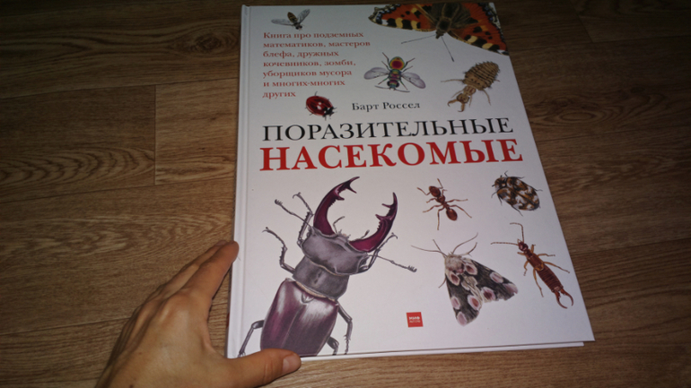 Дошкольникам и младшим школьникамДобрый день! Сегодня расскажу об увлекательной книге с очень длинным названием "Поразительные насекомые. Книга про подземных математиков, мастеров блефа, дружных кочевников, зомби, уборщиков мусора и многих-многих других" Книгу написал Барт Россел - бельгийский ученый-биоинженер, изобретатель, предприниматель и папа трех дочерей. Как же хочется, чтобы книга с таким длинным названием подольше не заканчивалась. Уж очень увлекательное чтение у нас с сыном получилось.
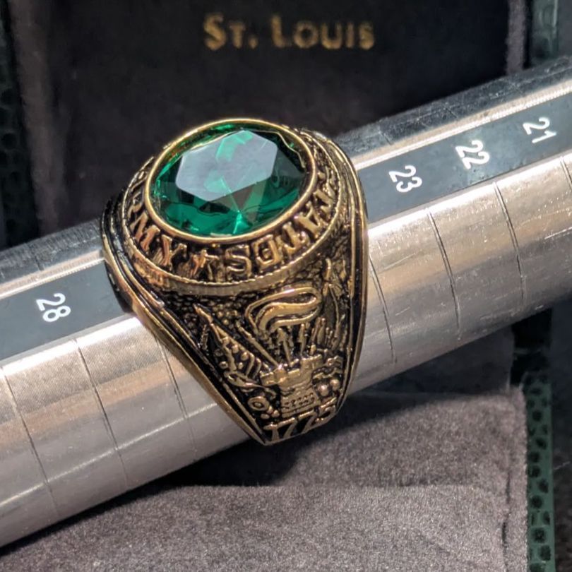 ヴィンテージ US ARMY ミリタリーリング 白頭鷲 1775年 ゴールド14 K電気メッキ エメラルドクリスタル 25.5〜26号 15.6 g
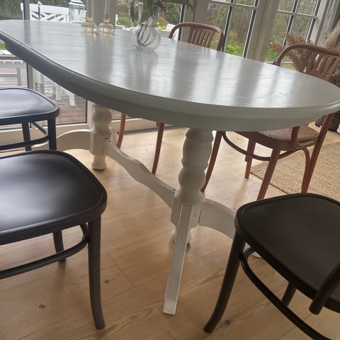 Det er robust, familiebrugt, og let at opfriske med ny maling. Estetisk flot bord til den kvalitetsbevidste.
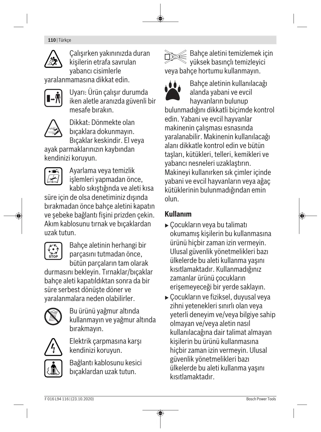 priée de l’outil de jardin. Conserver les instructions d’utilisation à un endroit sûr pour pouvoir les consulter ultérieurement. Explication des symboles se trouvant sur l’outil de jardin Indications générales sur d’éventuels dangers. Lire soigneusement ces instructions d’utilisation. Prendre les précautions nécessaires pour que les personnes se trouvant à proximité ne risquent pas d’être blessées par des projections provenant de l’outil. Avertissement : Maintenir une distance de sécurité quand l’outil de jardin est en marche. Attention : ne touchez pas les lames en rotation. Les lames sont coupantes. Attention à ne pas se faire couper les orteils ou les doigts. Arrêter l’outil de jardin et retirer la fiche de la prise de courant avant d’effectuer des réglages sur l’appareil ou de le nettoyer, lorsque le câble se trouve coincé ou que l’appareil soit laissé sans surveillance même pour une courte durée. Maintenir le câble éloigné des griffes/ lames. Attendre l’arrêt total de tous les éléments de l’outil de jardin avant de les toucher. Bosch Power Tools
• • • •
### [TASK TO COMPLETE]
Look above for the line with "ヴィンテージ US ARMY" and the line with "Det er robust, familiebrugt, og", then copy exactly the lines from the first through the second, both kept, with no pictures.

### [ANSWER TO THE PROBLEM]
 ヴィンテージ US ARMY ミリタリーリング 白頭鷲 1775年 ゴールド14 K電気メッキ エメラルドクリスタル 25.5〜26号 15.6 g
 Det er robust, familiebrugt, og let at opfriske med ny maling. Estetisk flot bord til den kvalitetsbevidste.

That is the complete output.